Secrets to Finding an Apartment in Paris, Episode 153


Secrets to Finding an Apartment in Paris, Phil Goldsmith with Eiffel Tower in the background

Introduction

Renting an apartment in Paris is a great option, especially if you’re planning on staying in Paris one week or longer. It is probably not ideal for first-time Paris visitors who don’t know the area yet, but even for them, it can be a good option if they are coming with children or extended family. In this episode Phil Goldsmith shares the secrets to finding an apartment in Paris and he breaks it down into simple steps that anybody can follow. If you’ve rented apartments in Paris and would like to share your own nuggets of wisdom, call the voice mail line 801-816-1015. Also stay tuned until after the interview with Phil to hear from Inaugural Tour Member Sue Walsh. Enjoy the show!

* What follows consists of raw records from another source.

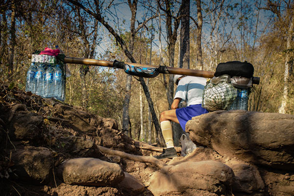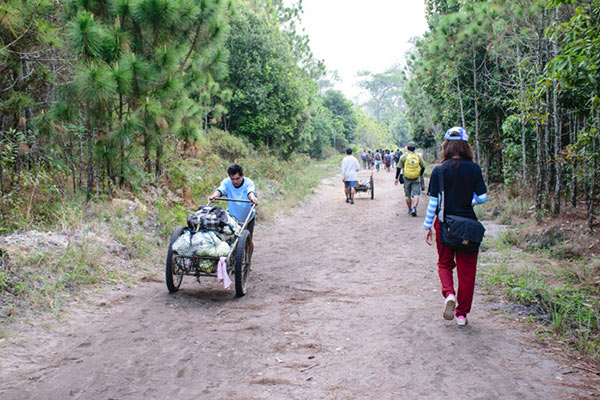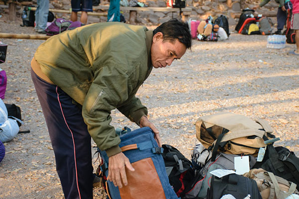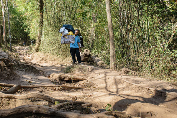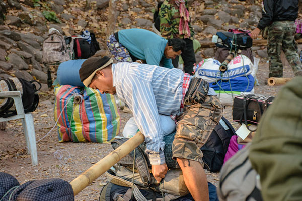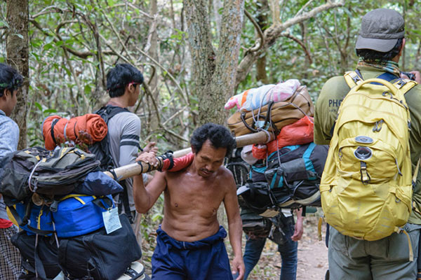 ระหว่างรวบรวมกำลังใจจะเดินหน้าต่อไป เราก็เฝ้ามองลูกหาบ จนรู้สึกฮึกเหิมได้ที่ก็ลุย
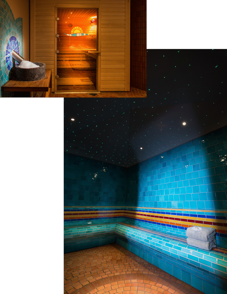 Sauna aux essences boisées, hammam aux vapeurs délicatement parfumées… Chaque détail invite à un lâcher-prise profond, dans une atmosphère feutrée où le temps semble suspendu.
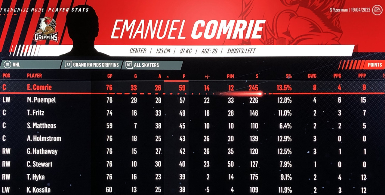 After going 25-5-3 in the 1st 33 games from the 1st update report back in January, the Griffin’s next 43 games through to the completion of the season were much tougher, going 21-18-4 in that period.
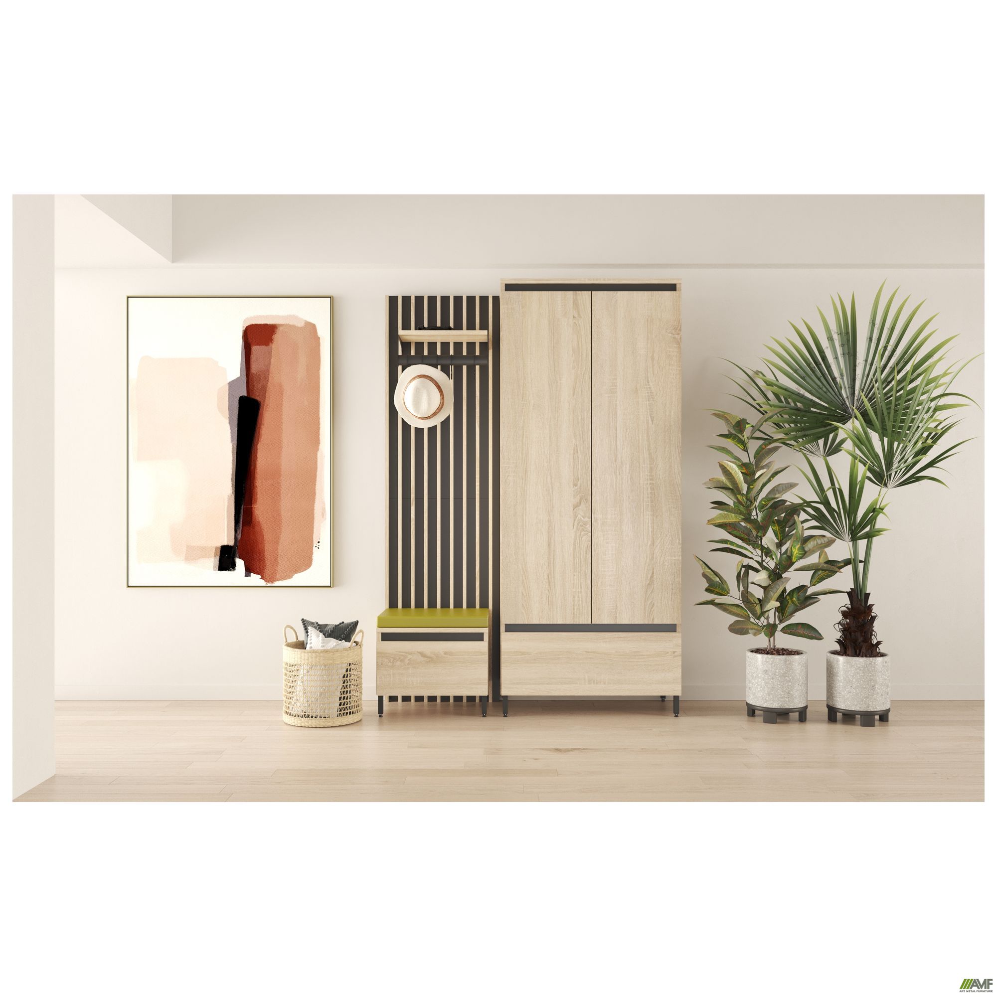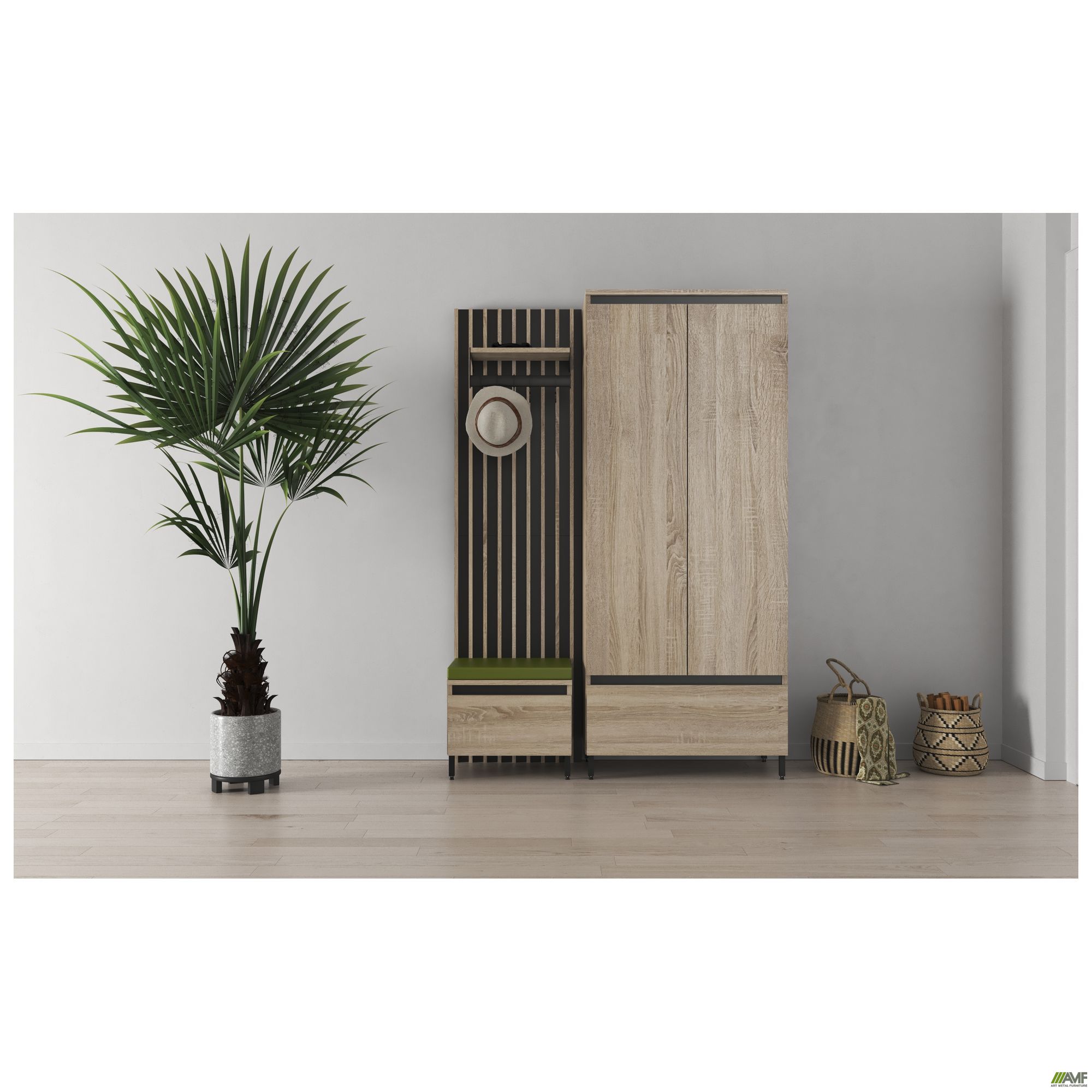 Колекція корпусних меблів AMF Welcome створена спеціально для облаштування житлових приміщень та передпокоїв. Усі модулі з колекції поєднуються у різноманітних тандемах та чудово доповнюють один одного. Модулі оснащені металевими ніжками, покритими порошковою фарбою. Вироби виготовлені з ламінованої плити ДСП, товщиною 16 мм. У колекцію корпусних меблів AMF Welcome входять всі необхідні модулі для облаштування передпокоїв, завдяки чому можна підібрати варіанти для оформлення саме вашого інтер'єру.
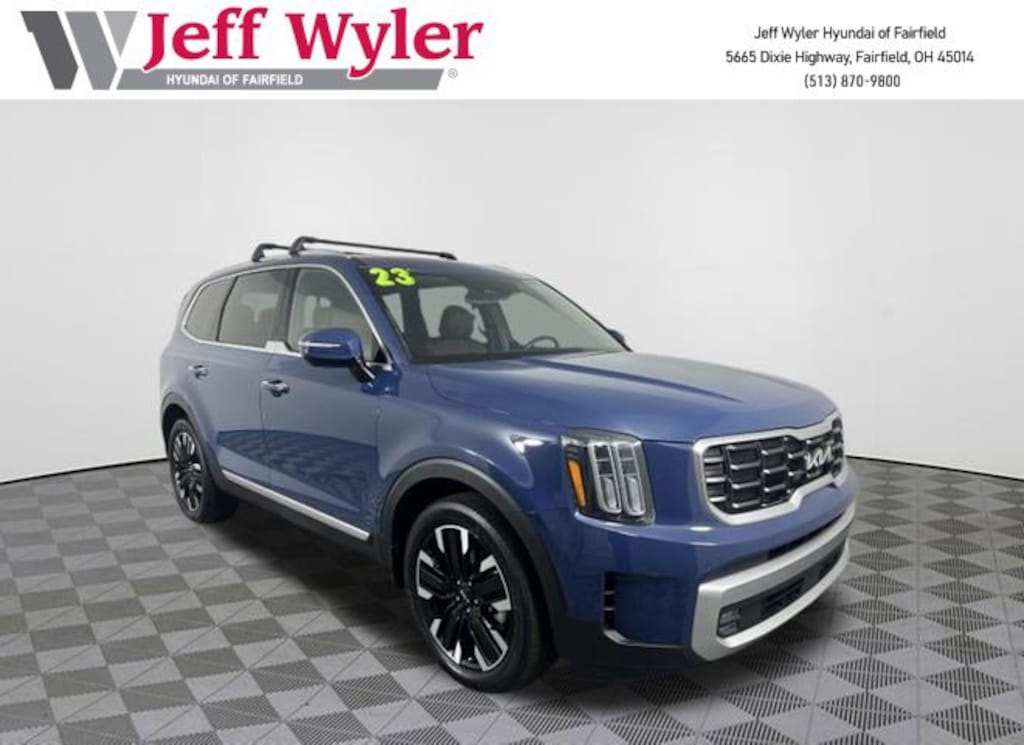 CARFAX One-Owner. Jeff Wyler Hyundai of Fairfield is proud to offer this terrific 2023 Kia Telluride SX in Midnight Lake Blue. Well equipped with: Mahogany Interior Color Package, Android Auto, Apple CarPlay, CALL NOW FOR YOUR VIP APPOINTMENT 513-870-9800, FULLY SERVICED w/RECORDS, GUARANTEED FINANCING!! NO MATTER YOUR SITUATION WE CAN GET AN APPROVAL!!, THE #1 Volume dealer in the region! Come see why for yourself Today!!, WE PAY MORE FOR YOUR TRADE!!, 10 Speakers, 3.648 Axle Ratio, 3rd row seats: split-bench, 4-Wheel Disc Brakes, ABS brakes, Air Conditioning, Alloy wheels, AM/FM radio: SiriusXM, Apple CarPlay & Android Auto, Auto High-beam Headlights, Auto-dimming Rear-View mirror, Automatic temperature control, Brake assist, Bumpers: body-color, Cargo Cover, Carpet Floor Mats, Compass, Delay-off headlights, Driver door bin, Driver vanity mirror, Dual front impact airbags, Dual front side impact airbags, Electronic Stability Control, Emergency communication system: 911 Connect, Exterior Parking Camera Rear, Four wheel independent suspension, Front anti-roll bar, Front Bucket Seats, Front Center Armrest, Front dual zone A/C, Front fog lights, Front reading lights, Fully automatic headlights, Garage door transmitter: HomeLink, harman/kardon® Speakers, Heated & Ventilated Front Bucket Seats, Heated door mirrors, Heated front seats, Heated steering wheel, Illuminated entry, Knee airbag, Leather Seat Trim, Leather Shift Knob, Leather steering wheel, Low tire pressure warning, Memory seat, Mud Guard Kit, Navigation System, Occupant sensing airbag, Outside temperature display, Overhead airbag, Overhead console, Panic alarm, Passenger door bin, Passenger vanity mirror, Power door mirrors, Power driver seat, Power Liftgate, Power moonroof, Power passenger seat, Power steering, Power windows, Radio data system, Radio: AM/FM harman/kardon Audio System, Rear air conditioning, Rear anti-roll bar, Rear audio controls, Rear reading lights, Rear side impact airbag, Rear window defroster, Rear window wiper, Reclining 3rd row seat, Remote keyless entry, Roof rack: rails only, Security system, Smart Key w/ Push Button and Remote Start, Speed control, Speed-sensing steering, Split folding rear seat, Spoiler, Steering wheel mounted audio controls, Tachometer, Telescoping steering wheel, Tilt steering wheel, Traction control, Trip computer, Turn signal indicator mirrors, Variably intermittent wipers, Ventilated front seats, and Wheels: 20" x 7.5" Black Finish. TO CHECK ON THE AVAILABILITY OF THIS VEHICLE REACH OUT TO ONE OF OUR TEAM MEMBERS!! ALSO SHOP ONLINE AT https://www.jeffwylerhyundaioffairfield.com/ Proudly Serving: Cincinnati, Dayton, Columbus, Louisville, Lexington, Indianapolis, Hamilton, Florence, Alexandria, Beavercreek, Springdale, West Chester, Monroe, Fairfield, Kenwood, Newport and all of greater Cincinnati Ohio, Indiana, and Northern Kentucky.
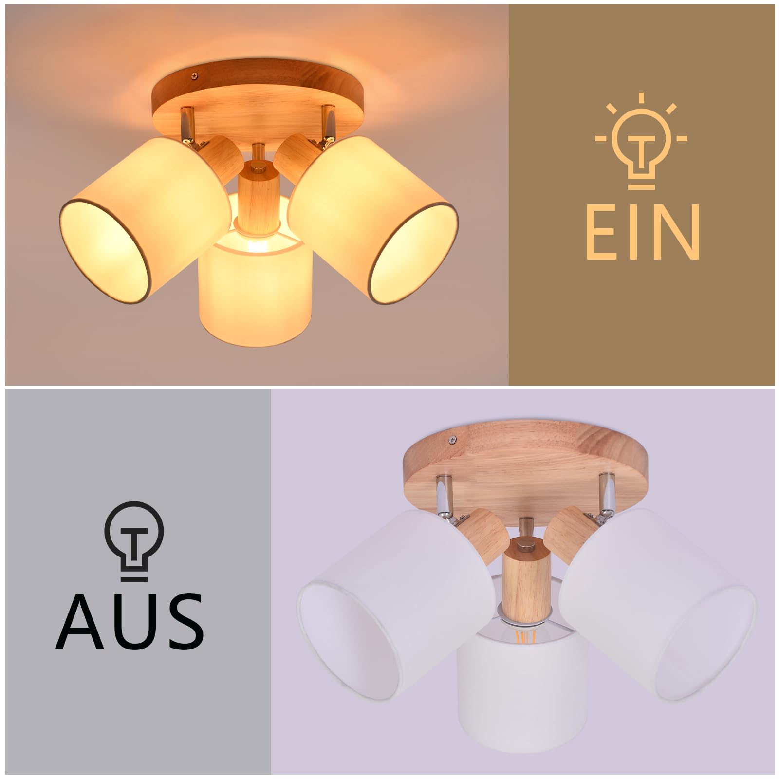 【Justierbarer Drehwinkel】Mit einem drehbaren Kopf von 350°bietet diese Holzlampe uneingeschränkte Flexibilität in der Leuchtrichtung. Wandleuchten, perfekt für das Hervorheben spezifischer Bereiche oder das Schaffen eines fokussierten Glücks, diese Deckenlampe Wohnzimmer wird Ihre Beleuchtungsbedürfnisse mühelos erfüllen.
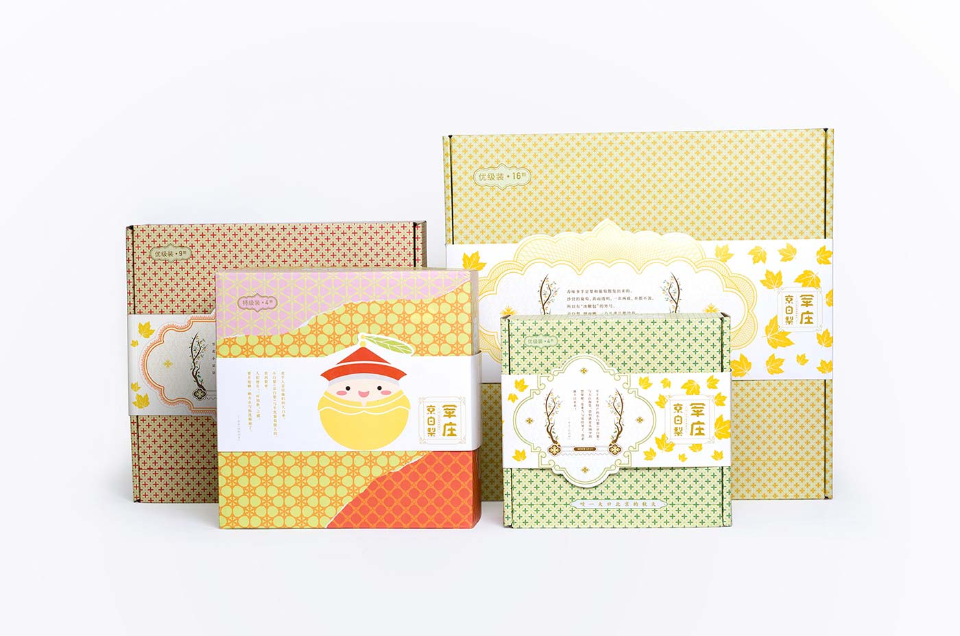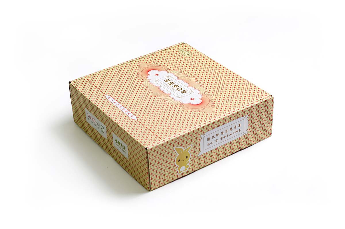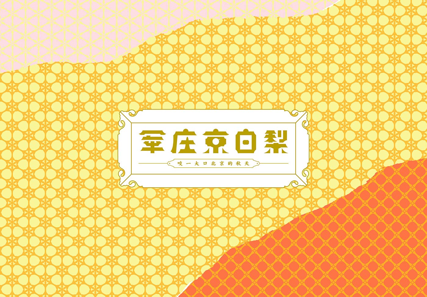 京白梨是很多老北京心心念念的美食,也出現(xiàn)在很多文人的筆墨里,在乾隆年間更成為貢梨。我們依據(jù)產(chǎn)品等級與克重一共設(shè)計了5款包裝, 分為貢品級和市井級,有4顆裝、9顆裝、16顆裝。貢品級有兩款包裝,取意貢品概念,借鑒皇家元素,設(shè)計了梨形皇帝和皇后吉祥物。其中一款設(shè)計元素取自故宮太和殿的窗花,三交六椀樣式,用拼貼手法完成產(chǎn)品的整體視覺。另一款包裝是要用于線下親子采摘活動,以“小皇帝坐在城頭吃梨”的詼諧插圖為主要表現(xiàn)手法完成。市斤級包裝主打老北京(北平)的的記憶,設(shè)計了以兔爺形象為靈感的吉祥物兔爺梨,包裝設(shè)計元素取自舊時的糧票紋樣,系列三款,各有特色
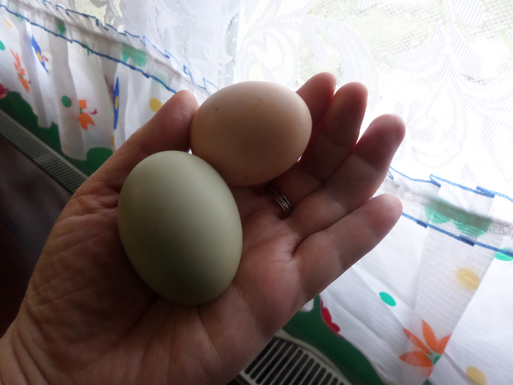 Результатом дневного орания кур оказалось(ну, я, по крайней мере так думаю) снесение двух яиц. Ой, божи-божи, стоило так орать из -за двух-то яиц? На хорошую яишницу не хватит. Не, ну тем курам, которые для этой цели порвали себе одно место, может и стоило поорать. А другие чо горлы драли? Наглые, прожорливые морды. На 9 курочек два яйца в день. Надо и правда суп сварить. Куда это годится? Одна беда, мы своих не едим. Ну, как будешь есть члена семьи, хоть и дармоеда? Низзя. Муж их высиживал там у себя в инкубаторе, который тоже сам сделал, бегал, заглядывал, ночи не спал, потом вылупляться помогал. Весь в маму-квочку превратился прям. Он им имена раздал, любовь там такая. Они за ним бегают, тока шо "мама" не орут. Черт с ними. А, кстати, вы знаете, почему у нас одна курочка несет голубые яйца? Нет? Я тоже не знаю. Кто-то сказал, что они без холестерина. О, как.
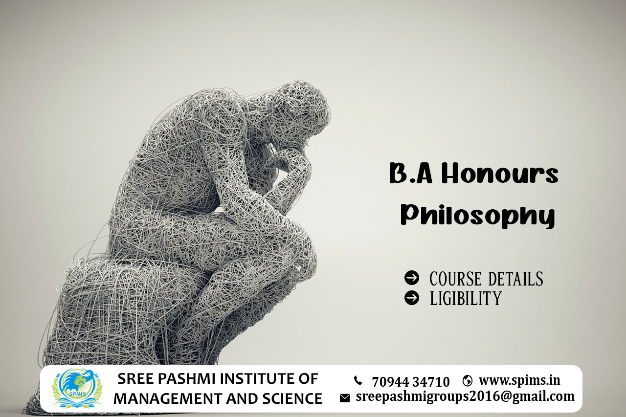 B.A Honours Philosophy / B.A Honours Philosophy course / B.A Honours Philosophy Degree/ B.A Honours Philosophy Eligibility/ Scope of B.A Honours Philosophy/ Salary of B.A Honours Philosophy / Importance of studying B.A Honours Philosophy / Subject involved in B.A Honours Philosophy course/ Benefits of taking B.A Honours Philosophy / B.A Honours Philosophy in Online Education/ Career opportunities for B.A Honours Philosophy graduate/B.A Honours Philosophy distance education/B.A Honours Philosophy in top University India/B.A Honours Philosophy in top University Tamilnadu / B.A Honours Philosophy in top University Coimbatore/B.A Honours Philosophy in online education. B.A Honours Philosophy is an undergraduate degree program that focuses on the study of philosophy, which involves critical thinking, analysis of arguments, and exploration of fundamental questions about knowledge, existence, ethics, and the nature of reality. It is designed to develop students’ critical thinking skills and to help them gain a deeper understanding of philosophical ideas. Students are encouraged to explore the history of philosophy, from ancient times to the present, as well as to engage with contemporary philosophical debates. The program also focuses on the development of writing and research skills in order to prepare students for further academic study and professional work. Eligibility for B.A Honours Philosophy Completion of 10+2 or equivalent examination from a recognized educational board. Meeting the minimum percentage or grade requirements set by the respective institution. Some universities may also conduct entrance exams or interviews for admission to the B.A Honours Philosophy program. Contact Sree Pashmi Institute of Management and Science to get enrolled for distance education degrees in the best-reputed university. This is the best leading institute for distance education in Coimbatore. All the study materials, E-materials, ID cards, Syllabus, Hall tickets, and Exam Time tables will be provided by us. You will get the proper guidance from the start till finishing your degree without any difficulties in between.
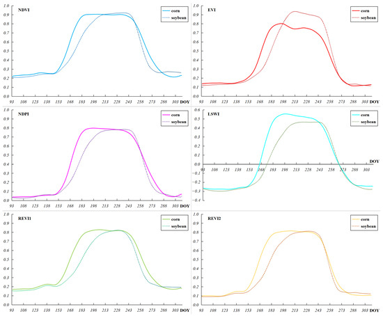 During the crop growth period, which spanned 218 days, we calculated 40 periods of data for each vegetation index. In order to obtain a time-continuous complete vegetation index curve and use it for subsequent crop growth curve extraction, this study uses a flexible fitting (Flexfit) algorithm to fill in the missing data between the 40 periods of data for each vegetation index to generate daily continuous vegetation index data [31]. The Flexfit method is capable of addressing significant temporal gaps within time-series data, facilitating both data noise elimination and data smoothing. Diverging from conventional Savitzky–Golay (SG) filtering methods reliant on fixed time windows, the Flexfit tool exhibits versatility by employing more extensive time windows. This flexibility proves particularly advantageous for accommodating the 40-day period under examination in this study, wherein period data are extrapolated to yield a complete daily dataset spanning 218 days. Following rigorous testing, the parameters for Flexfit fitting in this study were established as follows: the spike threshold, increase weight, and number of iterations for filling large gaps were set to 3, 2, and 3, respectively. Additionally, the minimum number of samples for smoothing was determined to be 5, while the maximum search window size was capped at 60. Subsequently, we randomly selected 20 sample points for corn and soybean utilizing the confidence layer of CDL data with confidence levels surpassing 0.95. These sample points were then overlaid onto the fitted time-series vegetation index data to extract 20 curves for each crop. Following a meticulous screening process, certain curves whose shapes deviated from the majority, owing to poor fitting results, were eliminated. Ultimately, only 10 curves were retained as crop growth curves for each crop. Figure 2 illustrates the average crop growth curve of the six vegetation indices for enhanced presentation.
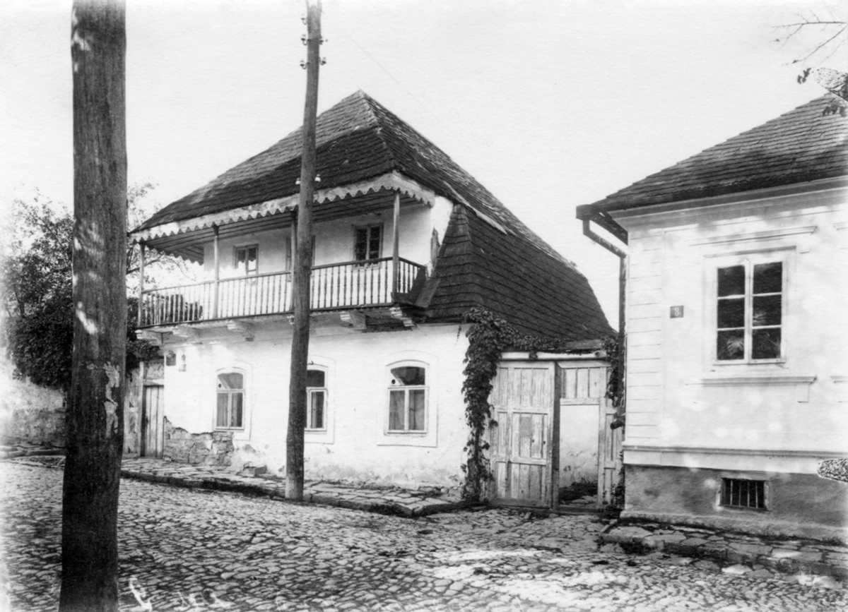 Будинки по вул. Татарській. На будинку праворуч видно номер «8». Виходить, що фото зроблене з північного сходу і номери зростають наліво, отже, будинок із галереєю на другому поверсі мав би бути десятим.
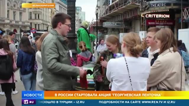 Например, на улицах Лондона георгиевские ленточки раздают российские студенты, которые учатся в британских колледжах и университетах.

Would you like to tour France with Annie and Elyse? Visit Addicted to France to choose an upcoming tour.

What You Will Learn about in Today’s Episode

40″ On today’s episode, Phil Goldsmith shares his tips and secrets for finding an apartment in Paris.

43″ Our next Paris Tour is scheduled for Oct 1 through Oct 7th 2017; we would love to have you join us in France, not only through the podcast but also in real life.

2’16 Interview with Phil Goldsmith starts

5’11 Why rent an apartment and stay at a hotel? An apartment gives you more of a chance of living like a local. Hotels are a lot more anonymous. Apartments are also more likely to be situated in a residential area rather than a business/commercial area. For instance there are few apartments for rent in the 2nd arrondissement, but there are lots of hotels there. When staying in an apartment you probably won’t get your breakfast at a café, but you may walk to the local bakery and get a chocolatine while observing real life.

7′ It is true that there is nobody living on the Ile de la Cité who is not either a millionaire or someone staying at a hotel.

7’34 Will renting an apartment save me money? We’ll come back to this question later in the episode also, but renting an apartment doesn’t so much save you money as it gets you better value for your money. Renting is cost effective for people who are staying for several weeks.

8’50 If you’re going for just a few days, just get a hotel. Finding the right apartment takes a long time. There is no standard rating system for apartments, each agency does things their own way, you have to spend time looking into the place you are considering renting.

9’54 You get more room in an apartment than in a hotel. Apartments are great for kids or extended families too. Apartments make it easy to accommodate bigger groups.

11′ Gite de France are made for families, they typically have mom and dad and two or three kids. Those are mostly in the countryside.

11’38 Because apartments are a little less expensive, you can leave the apartment for a few days and explore other areas nearby.

12’12 The disadvantages of renting an apartment:

  • You have to do a lot of research to find an apartment.
  • People sometimes wonder if this is a legitimate rental. You’re better off going through a reputable agency than Craig’s List!
  • 2-bedroom apartments are harder to find, but it can be done.
  • The apartment will be quirky or charming depending on how you want to look at this.

13’36 Some of the crazy places Phil has rented in the past: rickety tiny stairs and steep stairs without handrails or bathroom where you have to go out on the terrace to get to the bathroom.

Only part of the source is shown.